Making Unlikely Images From Bits of the Ordinary

April 1, 2026
Artist News, Fellowship

by Emma Fiona Jones via The Provincetown Independent

Calhan Hale renders the familiar foreign

Calhan Hale is a visual arts fellow at the Fine Arts Work Center. Photo: Agata Storer

Calhan Hale’s studio exudes the same gentle ease and summery daze as her oil paintings. The space is strewn with snippets of images — flower fragments, exit signs, particle board, a broom, a fire hydrant, a rock cracked open to reveal waxy emerald leaves.

Hale’s recent work is a study in unlikely cohabitants. “I’m always trying to find ways to de-contextualize and re-contextualize elements from my surroundings,” she says. Untethering familiar objects, textures, images, or signifiers from the environments in which they are situated, she creates alien vignettes from fragments of the ordinary. Her paintings mirror the cheerful calm and lucid curiosity of their creator, unconcerned with their own idiosyncrasies.

Her process begins with collecting images. “I’m always taking pictures,” she says, “just on my phone. Sometimes it’s something I’ve passed many times. It suddenly catches my attention, and I’m not sure why.” She prints the images, cuts out specific elements, and affixes them to the wall with blue painter’s tape, which allows her to rearrange the layers.

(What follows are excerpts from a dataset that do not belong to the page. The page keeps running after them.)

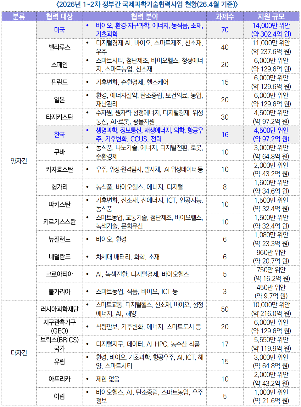 * 한국은 총 16개 과제, 4,500만 위안(약 97.2억 원)으로 예산 규모 4위 기록
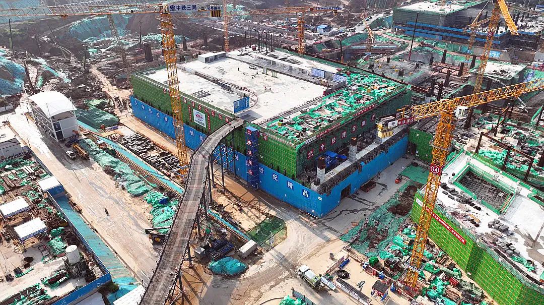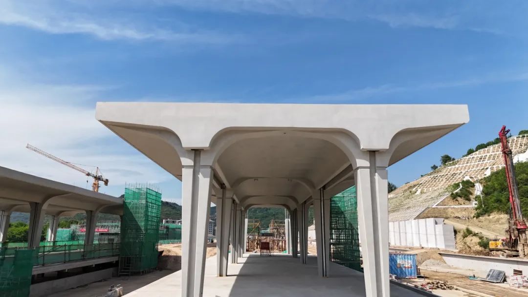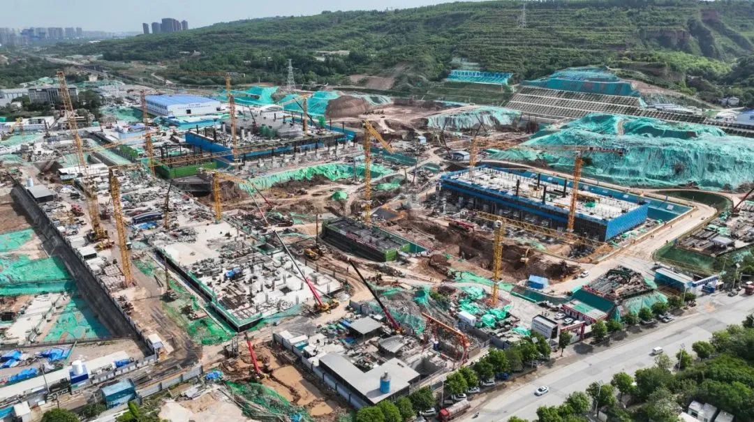 西安东站主站房及侧式站房于2023年4月同步开工。2024年6月4日,随着北侧高架落客平台首块混凝土结构顺利封顶,该站正式转入高架站房主体结构施工阶段。
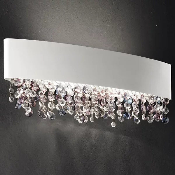 Do wykonania kinkietu zastosowano metal malowany na biało oraz szklane kryształy w różnych odcieniach.
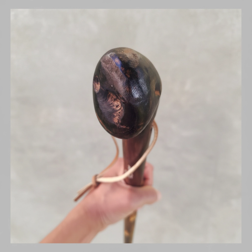 Ce bâton singulier est façonné à partir d’une racine naturelle, lui conférant une silhouette unique et une solidité exceptionnelle. Son bois chalumé puis verni révèle un aspect chaleureux et authentique, sublimé par la forme irrégulière de la racine.
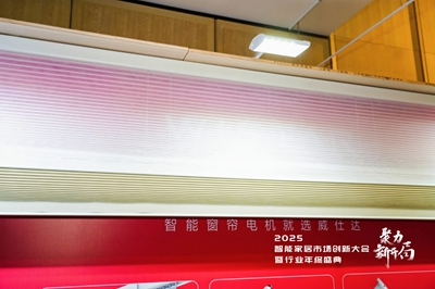威仕达携直流大日夜帘窗帘系统亮相。这款窗帘系统可以做到宽4米、高2.5米的效果,电机扭力大,整体运行流畅,适合多种场景。现场,威仕达还带来了常规的卷帘电机,还有双子星电机以及迷你式的小电机,当安装完毕之后,可以达到隐藏式的效果。此外,威仕达还带来了成品帘系统,静音运行,提升用户的居家生活体验感。
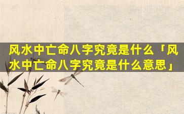 风 🦁 水 🐞 中,亡命是 🐎 指:
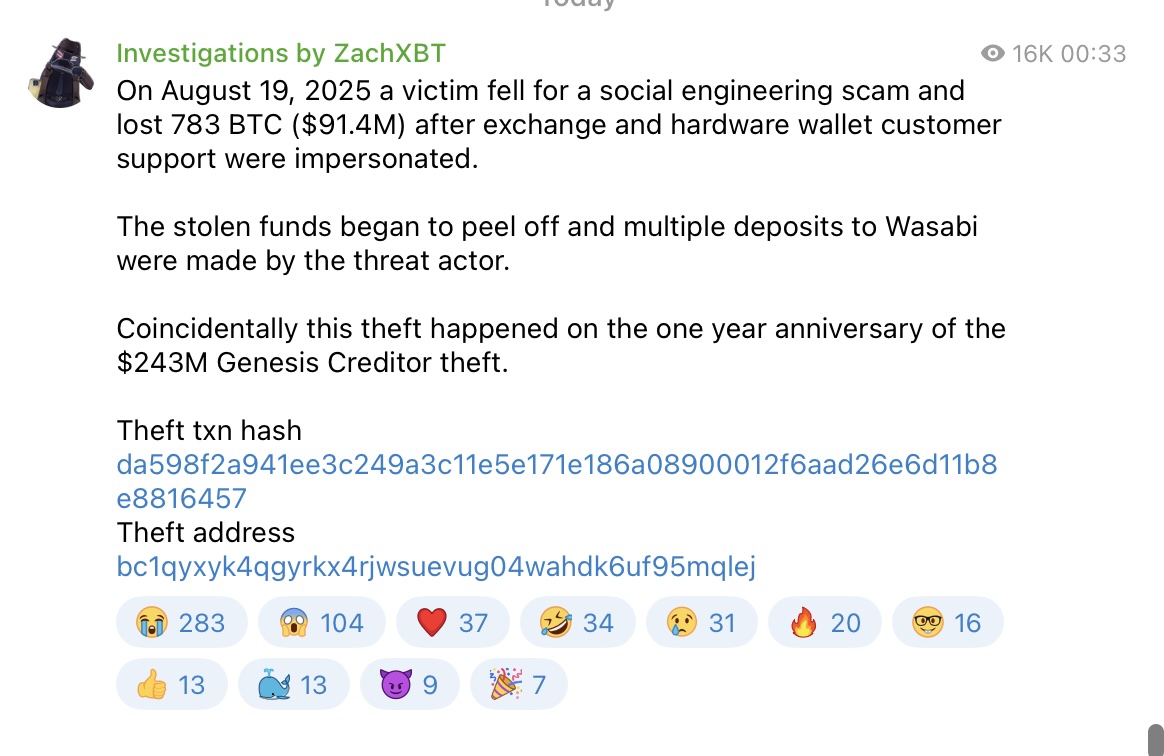 Một nhà đầu tư tiền điện tử đã mất 783 Bitcoin—tương đương 91 triệu USD tại thời điểm xảy ra vụ tấn công—vào ngày thứ Ba sau khi trở thành nạn nhân của một chiêu trò lừa đảo tinh vi (social engineering), theo thông tin từ điều tra viên ẩn danh ZachXBT.

Her studio wall at the Fine Arts Work Center in Provincetown, where she is currently a visual arts fellow, is speckled with slices of color — hot orange-red bursting through honey-tinted wood grain and swathes of robin’s egg blue. “Eventually, some kind of relationship emerges, and I find myself at a distance from the image that I took,” says Hale. “I become surprised by this thing that I already knew. And that’s how I know that it’s a good place to start a painting.”

This slow dissection of the act of looking has underpinned Hale’s artwork for as long as she can remember. While she refined this way of working in her M.F.A. program at Columbia University, which she completed last year, Hale has always been interested in what it takes to really see her physical surroundings — to strip back the layers of cultural meaning and face the colors and forms beneath for what they are.